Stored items
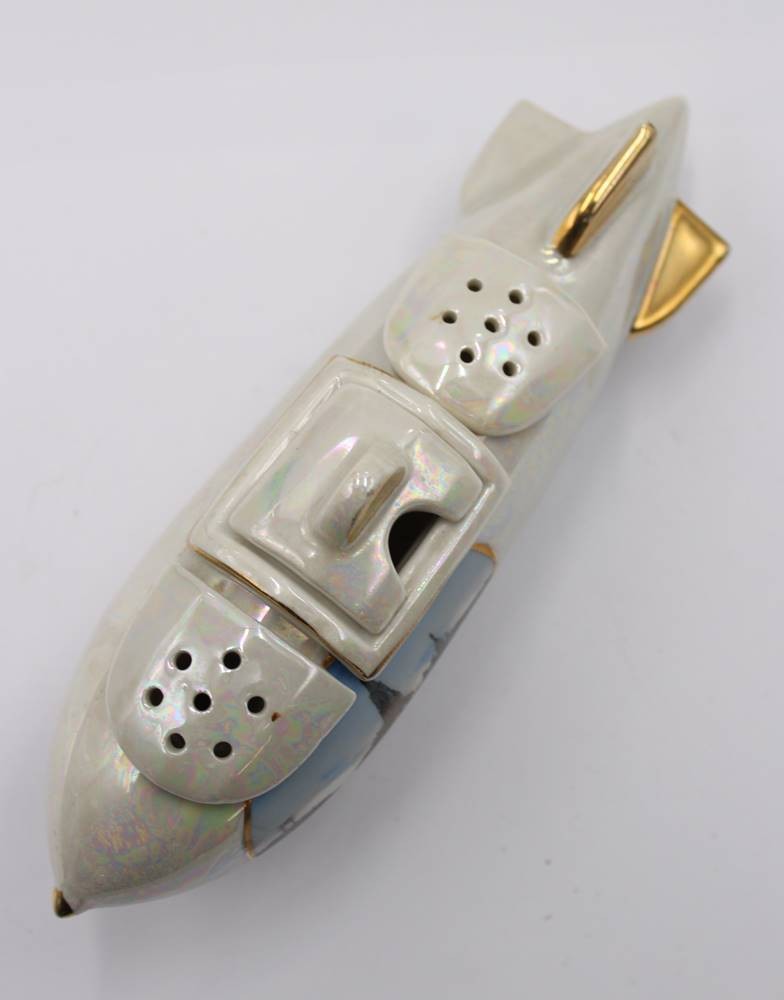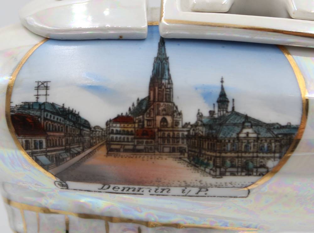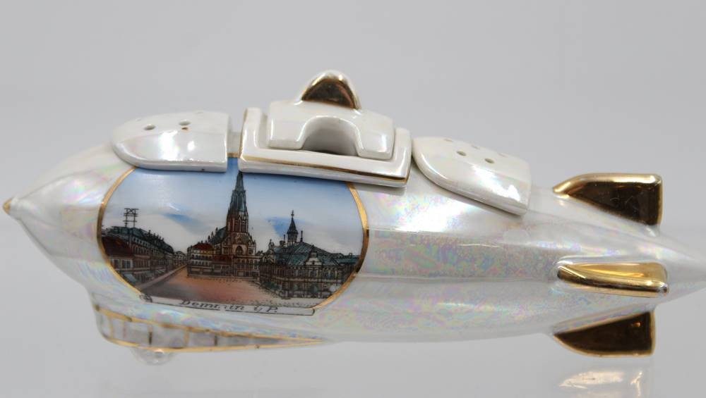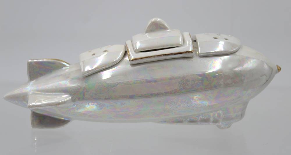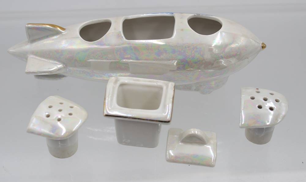 Porzellan-Menagen in Zeppelinform, Ansicht Demin, älter, lüstrierend, ca. H-6,8cm L-17cm [1]
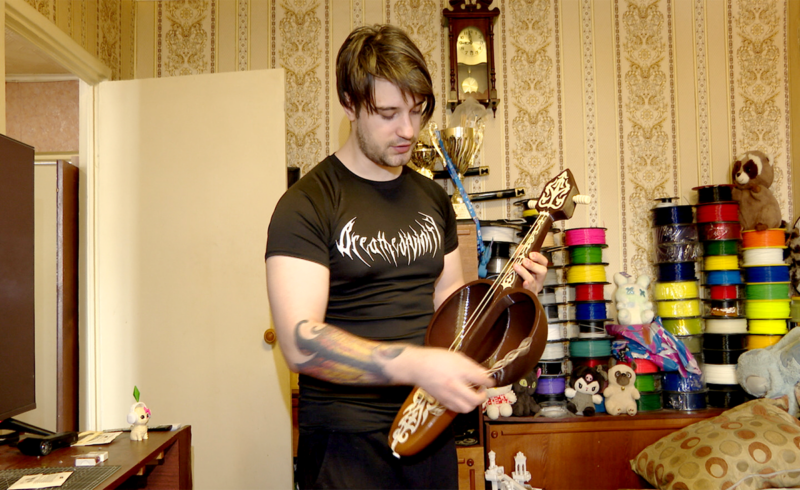 Иван Могер – специалист в сфере 3D-печати или, говоря профессиональным языком, аддиктивный инженер. На своих принтерах, которых у него в квартире с десяток, он воссоздает любые детали, мелкие фигуры из пластика. Главное, по его словам, задать правильные параметры для печати. К нашему приезду кылкобыз практически готов, Иван распечатывал пластиковые украшения для своего творения, чтобы придать ему национальный колорит и аутентичность.
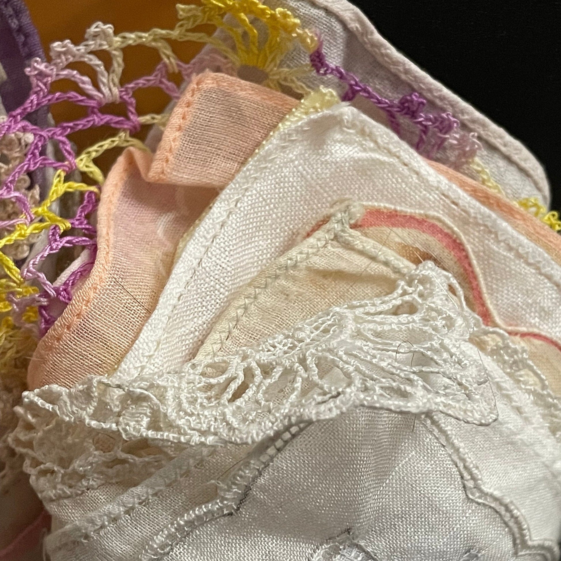 bundle of ten vintage cotton handkerchiefs: cutter or mending grade for upcycling, art, repair, or not-precious use as-is
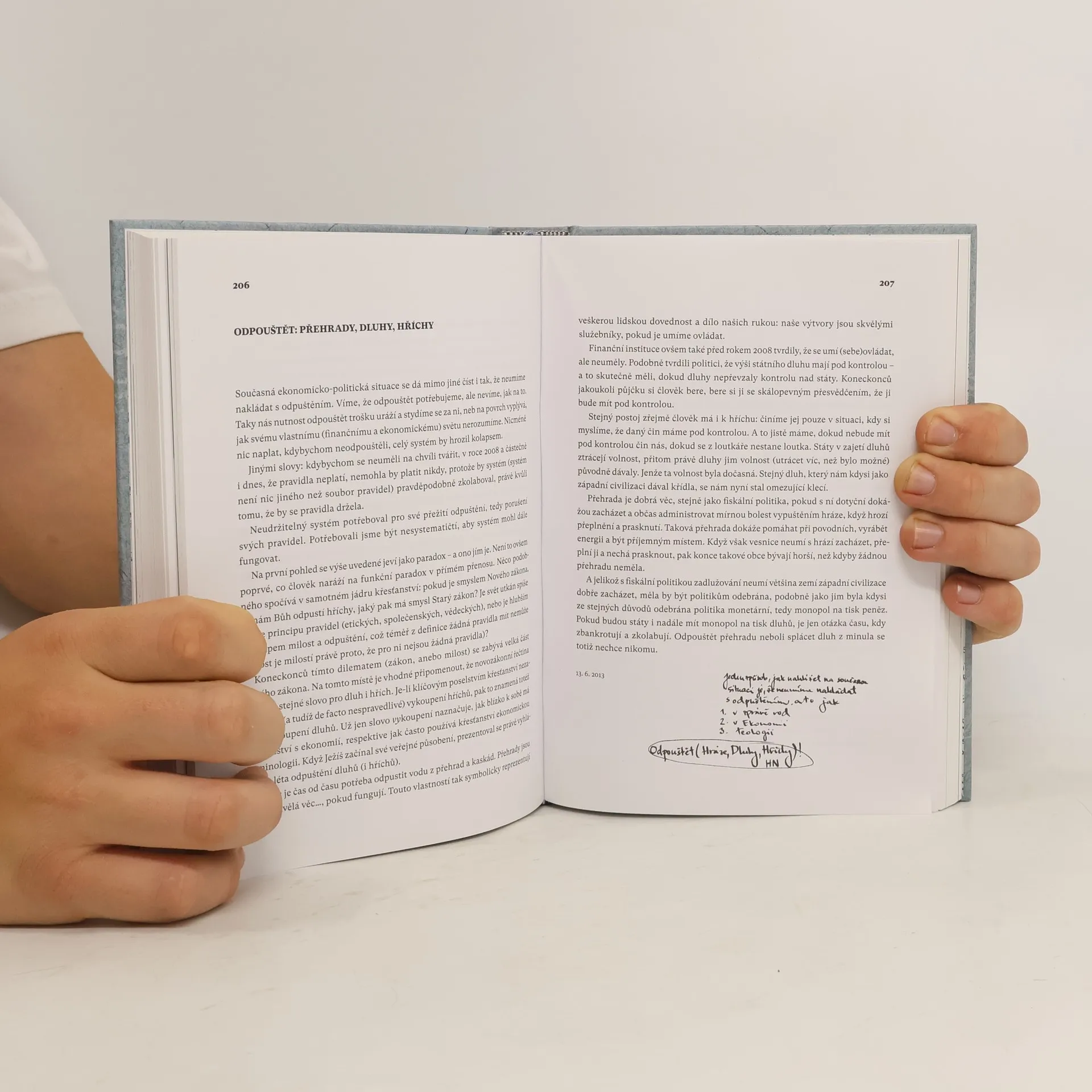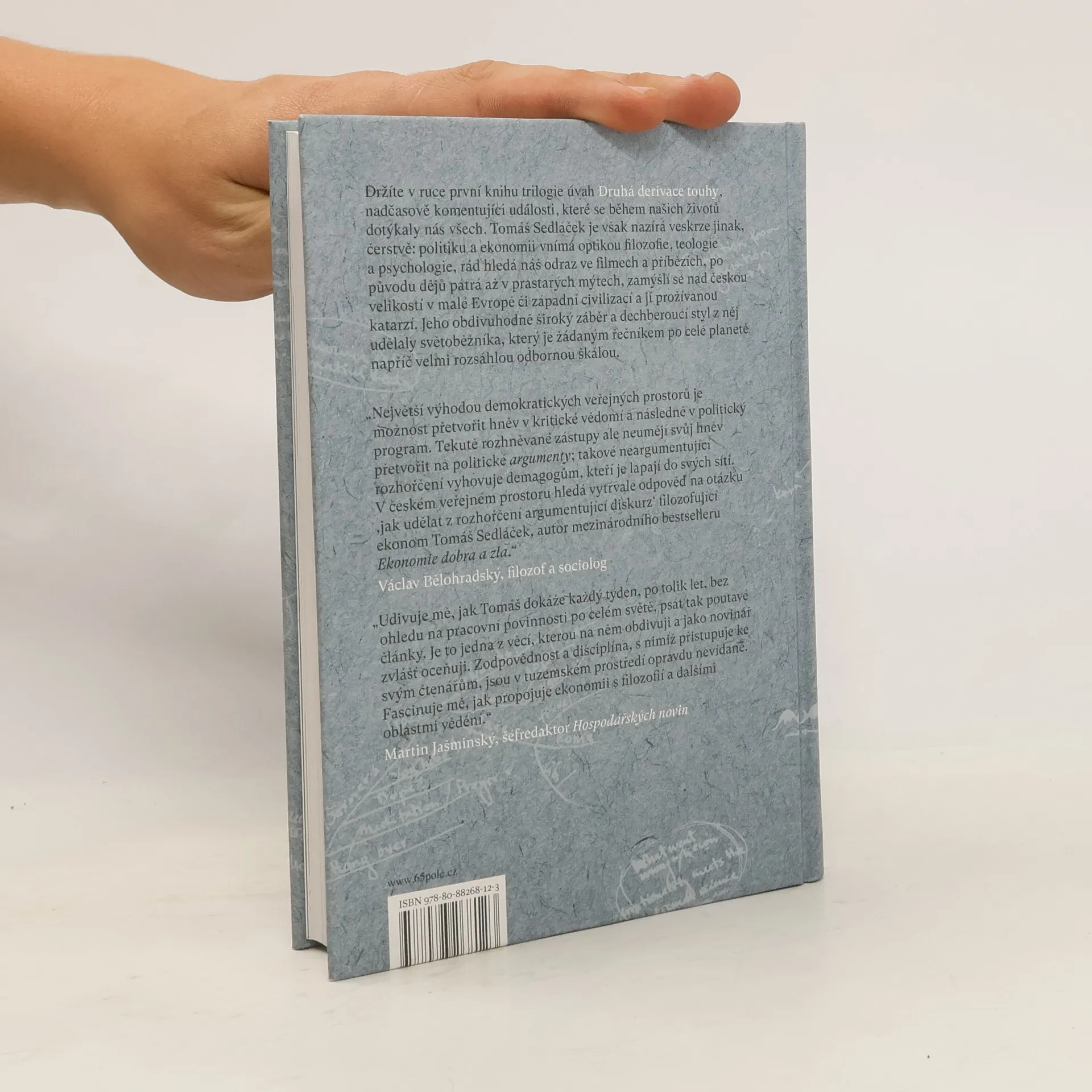 Člověk duše - vnější. Úvahy nad (ne)končícími otázkami. Úvahy ekonoma Tomáše Sedláčka se ohlíží za událostmi nabitým desetiletím. Jedná se o jednu z nejdelších a nejsouvislejších sérií úvah v českém teritoriu, která ukazuje autorovu názorovou integritu a pestrost myšlenek, široký rozhled a sečtělost, hravost a smysl pro humor.
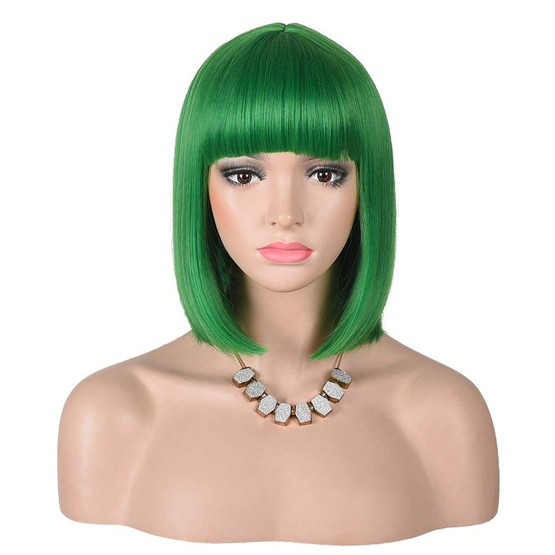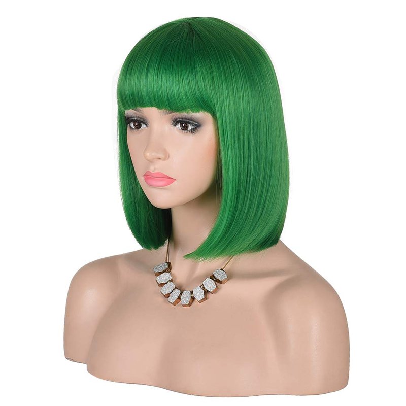 • Color:Green, Short Straight Black Bob Wig with Bangs for Women Wear Looks Natural.
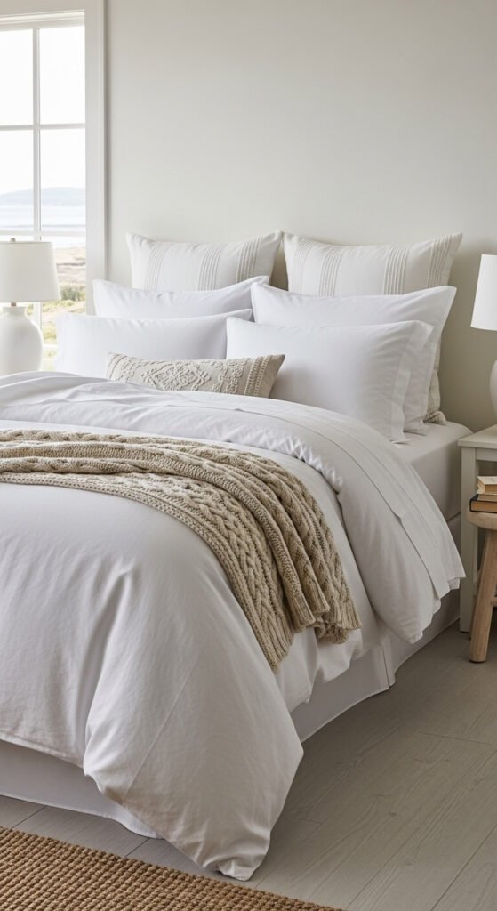 All-white bedding feels clean and coastal. Layer different textures—smooth cotton sheets, nubby linen duvet, cable knit throw, eyelet pillows. The variation creates depth without color.
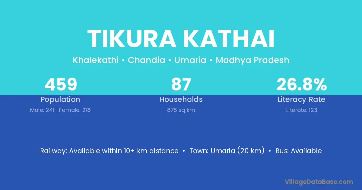 Tikura Kathai village has a total population of 459 people, of which 241 are males and 218 are females.
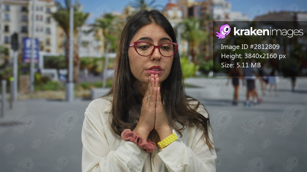Young woman in street praying with hopeful expression outdoors surrounded by urban environment with people in background looking upward wearing glasses - Kraken Images
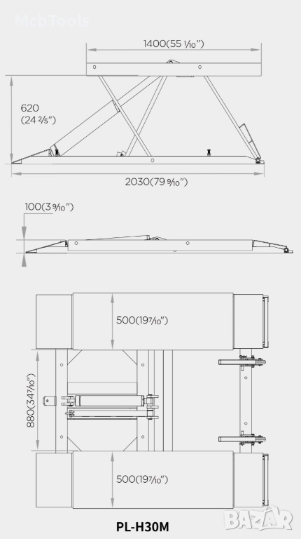 Подемникът RockForce H30M е проектиран за професионална работа в автомобилни сервизи, пунктове за поддръжка и гаражи, където надеждността и безопасността са на първо място. С товароподемност 3 тона той позволява лесно обслужване както на леки автомобили, така и на лекотоварни превозни средства.
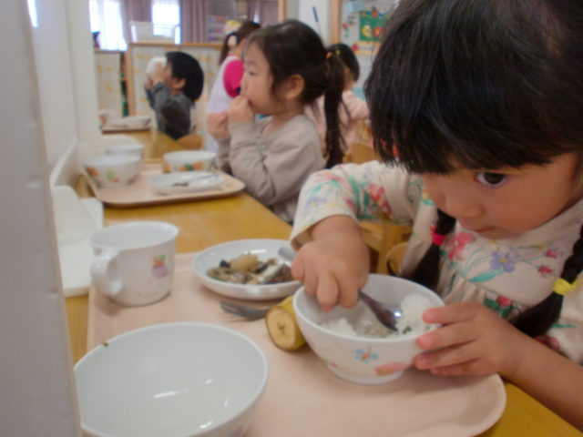以上児クラスは今年度初めての黒米入りごはん😊ごはんに入っている黒米が気になる子もいたようです(^^;
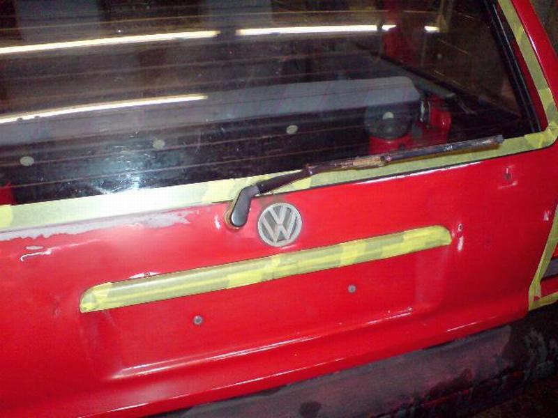 Dann die Heckklappe. Die simple Reparatur der Rostlöcher mit Karosseriedichtmasse sieht gut aus. | ||

> _Task to complete_
Of the records above, print only the lines from the one containing "bundle of ten" through the one containing "Tikura Kathai village", inclusive and unaltered, leaving out pictures.

> _Response to the exercise_
 bundle of ten vintage cotton handkerchiefs: cutter or mending grade for upcycling, art, repair, or not-precious use as-is
 Člověk duše - vnější. Úvahy nad (ne)končícími otázkami. Úvahy ekonoma Tomáše Sedláčka se ohlíží za událostmi nabitým desetiletím. Jedná se o jednu z nejdelších a nejsouvislejších sérií úvah v českém teritoriu, která ukazuje autorovu názorovou integritu a pestrost myšlenek, široký rozhled a sečtělost, hravost a smysl pro humor.
 • Color:Green, Short Straight Black Bob Wig with Bangs for Women Wear Looks Natural.
 All-white bedding feels clean and coastal. Layer different textures—smooth cotton sheets, nubby linen duvet, cable knit throw, eyelet pillows. The variation creates depth without color.
 Tikura Kathai village has a total population of 459 people, of which 241 are males and 218 are females.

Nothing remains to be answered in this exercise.